Au commencement de l’ère chrétienne, la Corée se composait de hordes sauvages, originaires de la Mantchourie, qui étaient presque continuellement en guerre les unes contre les autres. Cet état de choses durait encore au vie siècle lorsque les provinces du sud devinrent l’objectif des apôtres du bouddhisme, apportant avec eux la civilisation indo-chinoise ; ils répandirent dans le pays la culture des arts et des sciences ; ils fondèrent les trois royaumes distincts de Koraï, dans le nord ; Hiaksai et Shinrai, dans le sud ; et, vers le viie siècle, Kion-Tchou, la capitale de ce dernier, devenait un centre brillant de civilisation indo-chinoise.

D’après les Annales chinoises, des marchands arabes de la Syrie visitaient la Chine et la Corée, où ils vendaient des objets en verre colorié. Khordadbeh, géographe arabe du ixe siècle, rapporte qu’un certain nombre de ses compatriotes allaient faire du commerce dans un pays connu sous le nom de Sila et situé de l’autre côté de la Chine, en face de Kantou ; plusieurs de ces marchands, ajoute-t-il, s’établissaient dans le pays, d’où ils exportaient du ginseng, des bois de cerf, de l’aloès, du camphre, des clous de girofle, de la porcelaine, de la soie, du zimmit (?) et du galanga (?).

Sila est sans doute l’ancien Shinrai, la province la plus riche et la plus prospère à l’époque de Khordadbeh ; Kantou est le promontoire de Chan-toung à l’est de la Chine et dans la mer Jaune.

Le bouddhisme atteignit la plus haute période d’éclat de 905 à 1392. Le Grand Mongol, Koublai-Khan, en était devenu lui-même un ardent apôtre. La fin du xive siècle marque l’ère de décadence de cette religion. La pureté du dogme s’altère, les monastères qui étaient autrefois le séjour des vertus devinrent des foyers de vice et de corruption. La dépravation et la licence des prêtres de Bouddha excitèrent contre eux de violents murmures, et l’indignation étant arrivée à son comble, le peuple se souleva et en fit un massacre général, tant dans la capitale que dans le reste du pays.

Avec les bonzes périssait la civilisation dont ils avaient apporté les germes, et la Corée fut bientôt replongée dans l’état de barbarie d’où ils l’avaient tirée. Du bouddhisme, il ne resta plus qu’un vague souvenir, et le chamanisme prit sa place. Le chamanisme est la pratique des plus grossières superstitions, l’adoration des esprits de l’air et de la terre, et surtout la crainte du dragon, animal redoutable qui habite les montagnes et exerce un pouvoir absolu sur la vie du Coréen.

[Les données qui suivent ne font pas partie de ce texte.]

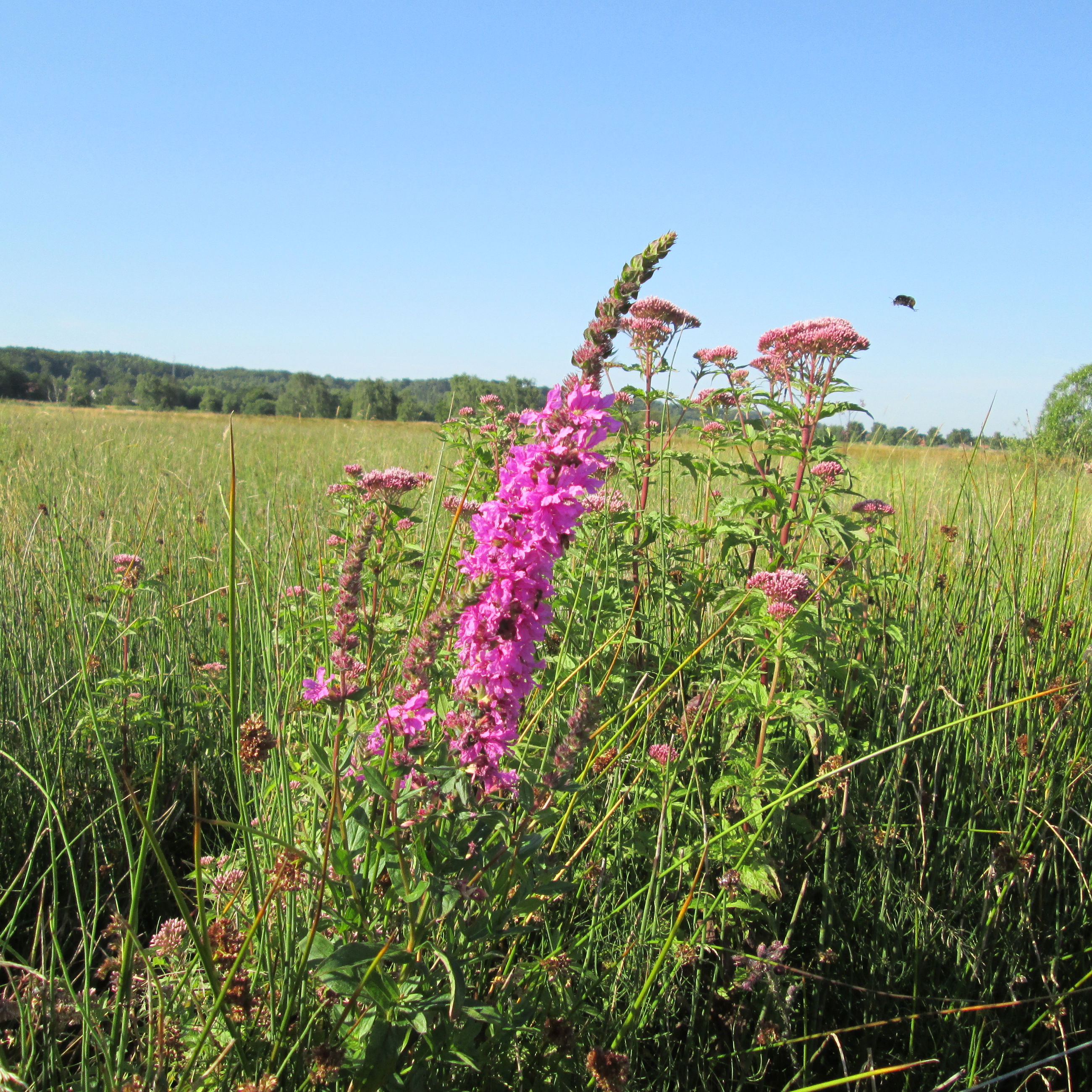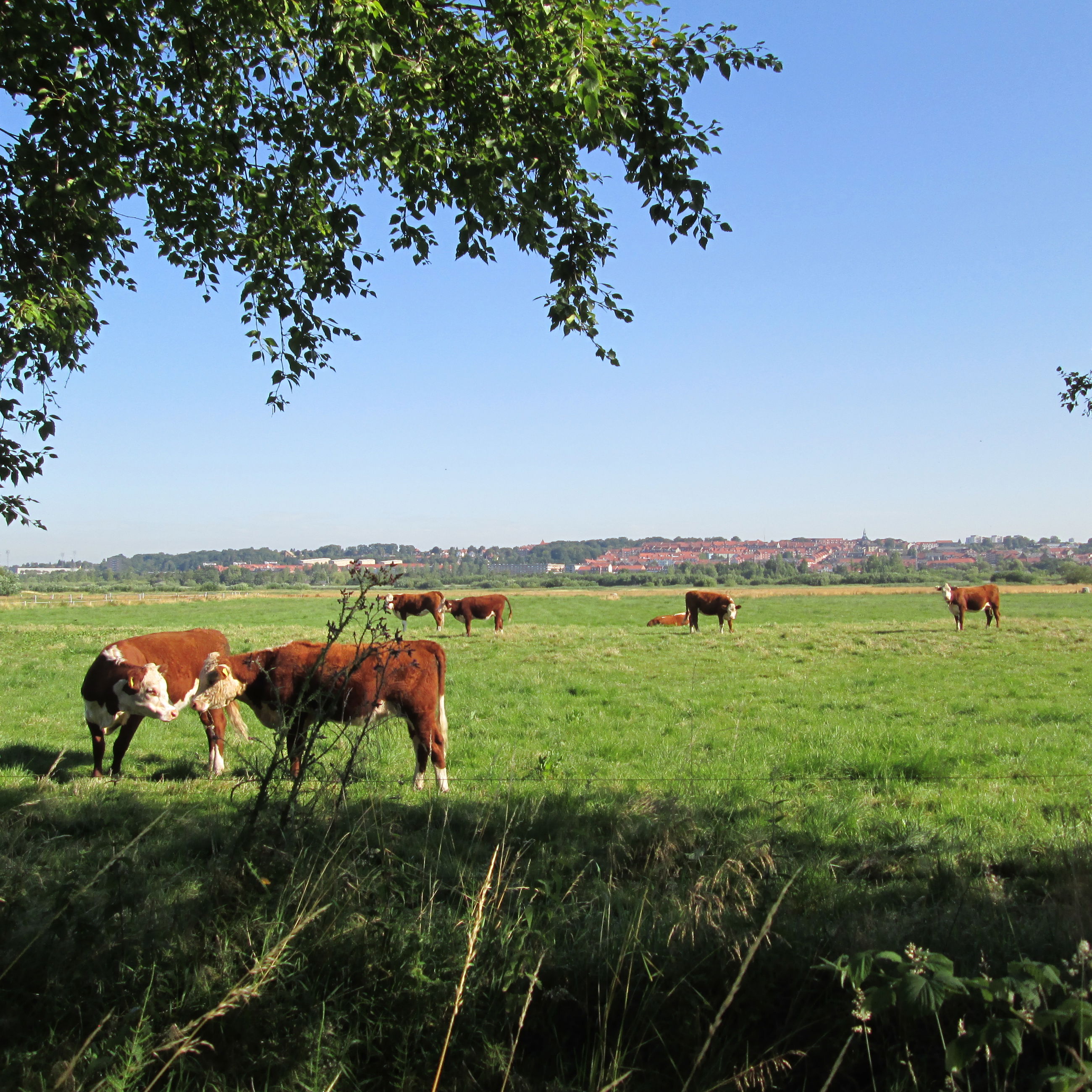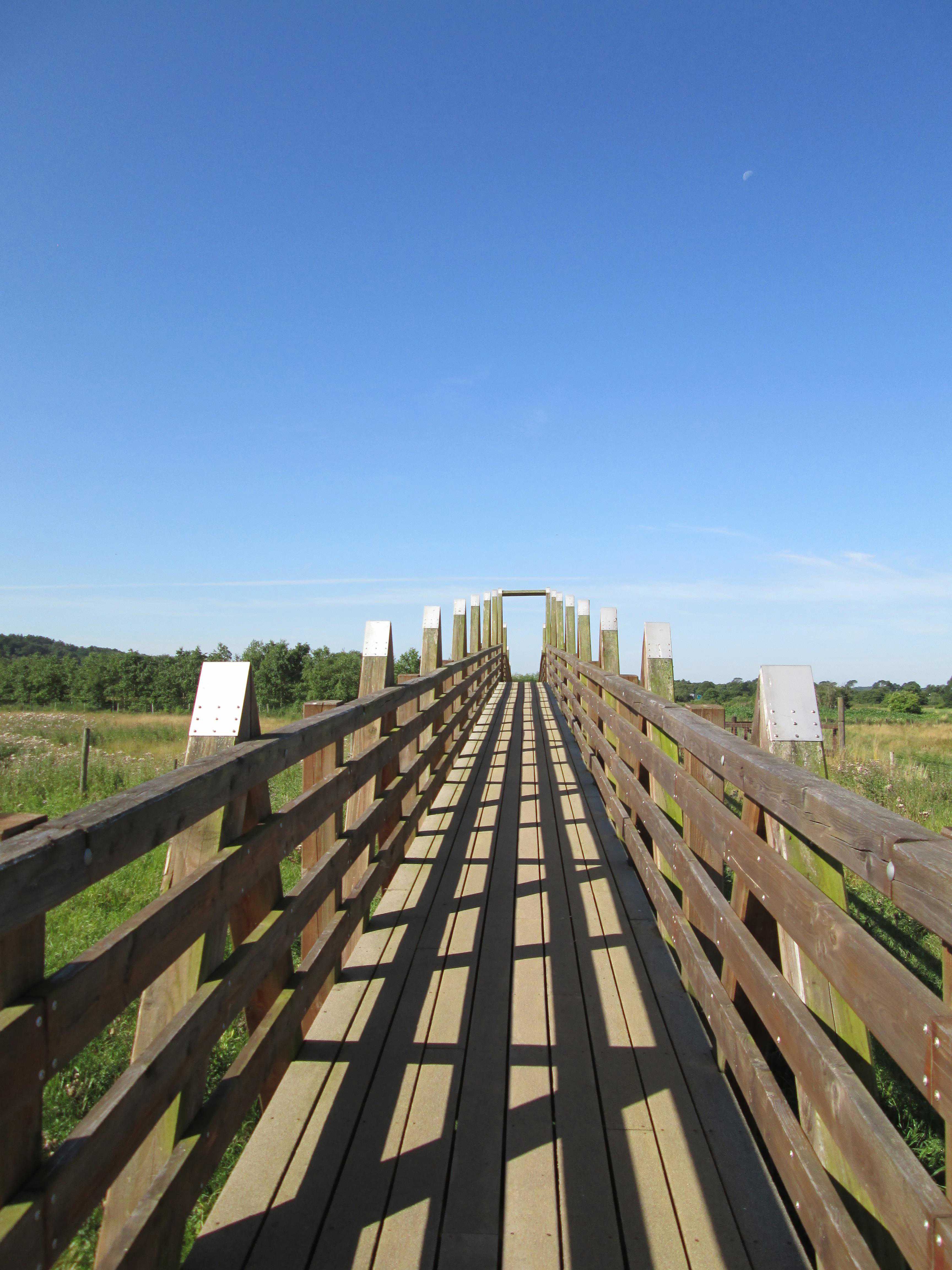 Fra gangbroen ved Randers Regnskov til rastepladsen ved motorvej E45 kan du opleve Vorup Enge på tæt hold på naturstien.

Pour donner une idée de ces superstitions je citerai le fait suivant : Sa Majesté le roi m’envoya prévenir un jour, en ma qualité de chargé d’affaires de mon pays, que je ne devrais pas me préoccuper du bruit que j’allais entendre la nuit suivante. Il paraît que Sa Majesté avait fait cette démarche à la suite d’un conseil tenu avec ses astrologues attachés à la cour dans lequel il fut résolu de chasser à coups de fusil un mauvais dragon qui lui faisait maintes farces, coupait le chignon de ses soldats, et, enfin, embêtait Sa Majesté même. Ce qui fut dit fut fait ; pendant toute la nuit je fus assourdi par des décharges continuelles de mousqueterie, et le lendemain, Sa Majesté m’informa officiellement que le dragon avait disparu.